Pedelec-Radelnde haben ein um den Faktor 2,5 bis 4 höheres Risiko im Vergleich zu Standardradler:innen, bei einen Unfall getötet zu werden. Als Gründe sieht die Studie die flottere Fahrdynamik  und die Ungeübtheit und Sorglosigkeit mancher Nutzer:innen. Das Argument, das auch ich gerne benutze, die höheren Unfallzahlen bei Pedelecs lägen am höheren Alter ihrer Fahrer:innen scheint zu kurz zu greifen, denn ganz generell haben ältere Radfahrende (auch auf Normalrädern) ein höheres Unfallrisiko. Wobei das tödliche Unfallrisiko von Fußgänger:innen gemessen an den zurückgelegten Kilometern immer noch höher ist, und bei denen ist nicht ihre Geschwindigkeit das Problem, sondern die Geschwindigkeit von Autofahrenden.  

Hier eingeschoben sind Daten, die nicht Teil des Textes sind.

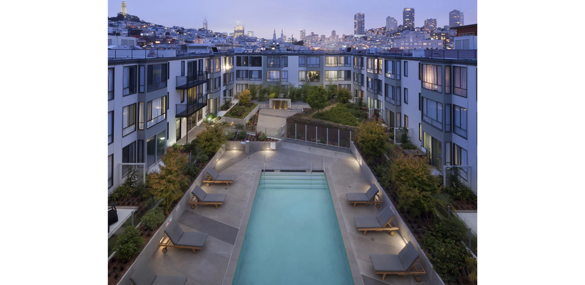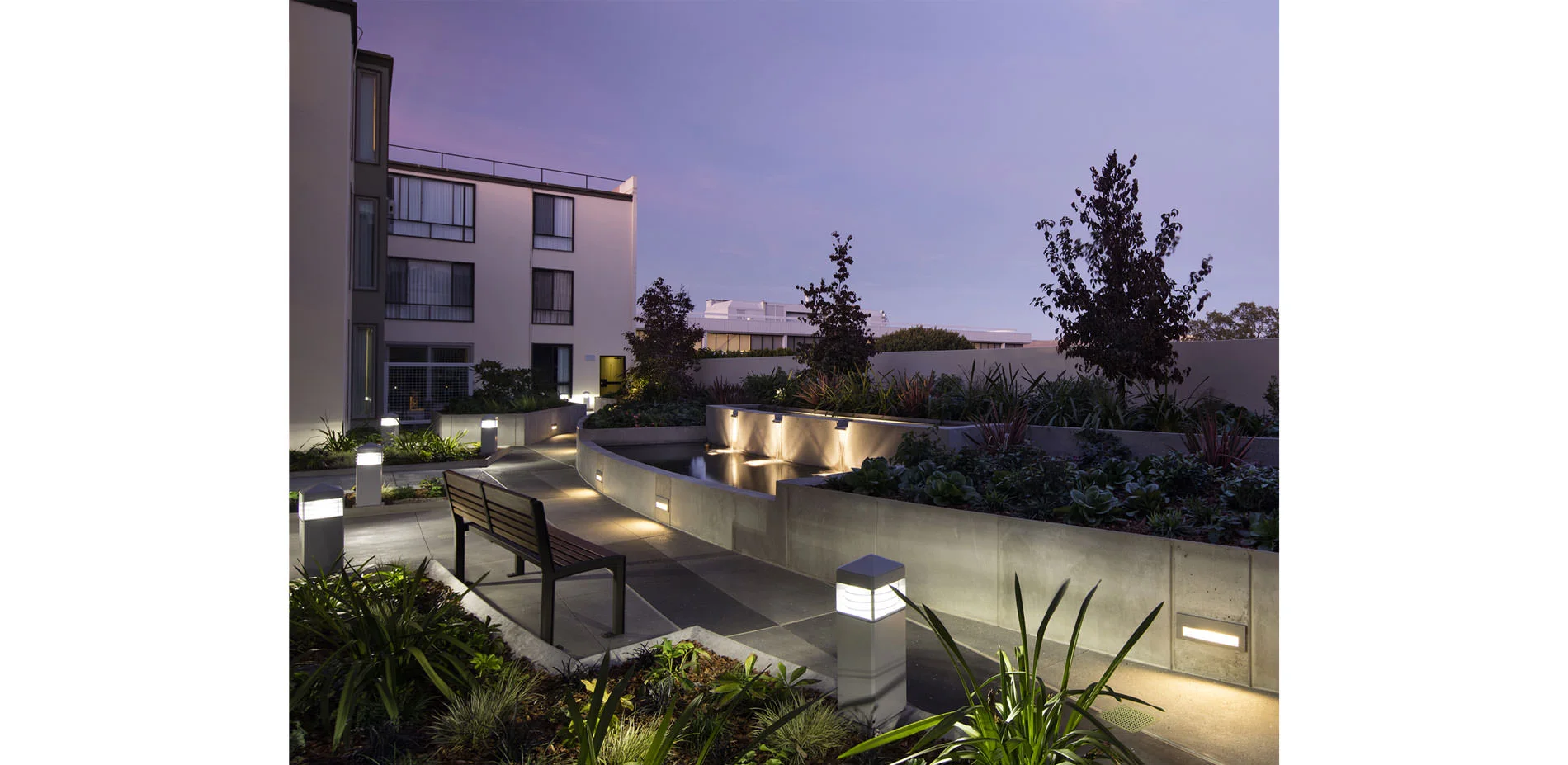 The NorthPoint Apartments, built in 1969 in San Francisco’s North Beach neighborhood, featured five courtyards designed by the office of Lawrence Halprin, located over podium parking. Half a century later, as the courtyard landscapes had to be replaced due to waterproofing failure, the design team successfully reinvented the project while meeting two aggressive challenges: honoring Halprin's legacy in a contemporary fashion; and reapportioning common and private spaces to meet changed expectations, within the tight constraints imposed by the original flat-slab construction. The strategy is one of carefully proportioned spaces, animated by finely detailed abstractions of the natural elements of water and stone: an homage to Halprin in the materials he used with such insight. All five courtyards — four fully interior and one at the adjacent property line — share forms and colors that pick up on the language of the surrounding buildings, but are differentiated from one another in their geometry, palette of plant materials, and focal elements.

Alleinunfälle: Grundsätzlich sind die Verletzungen bei einem Alleinunfall meist schwerer als bei einem Unfall mit Beteiligung anderer. Dabei spielen ein schlechter Untergrund (Nässe, Schnee, Hindernisse) offenbar gar keine so große Rolle. 4 von 10 Alleinunfälle aller Verkehrsarten waren im Jahr 2020 die von Radfahrenden, 40 Prozent in Deutschland. Auf dieser von der Stuttgarter Zeitung erstellten Unfallkarte für 2021 sieht man (orangfarben) die Unmenge Alleinunfälle. Die Unfälle mit Pkw als Unfallgegner sind etwas häufiger. Unfälle mit Fußgänger:innen sehr selten. 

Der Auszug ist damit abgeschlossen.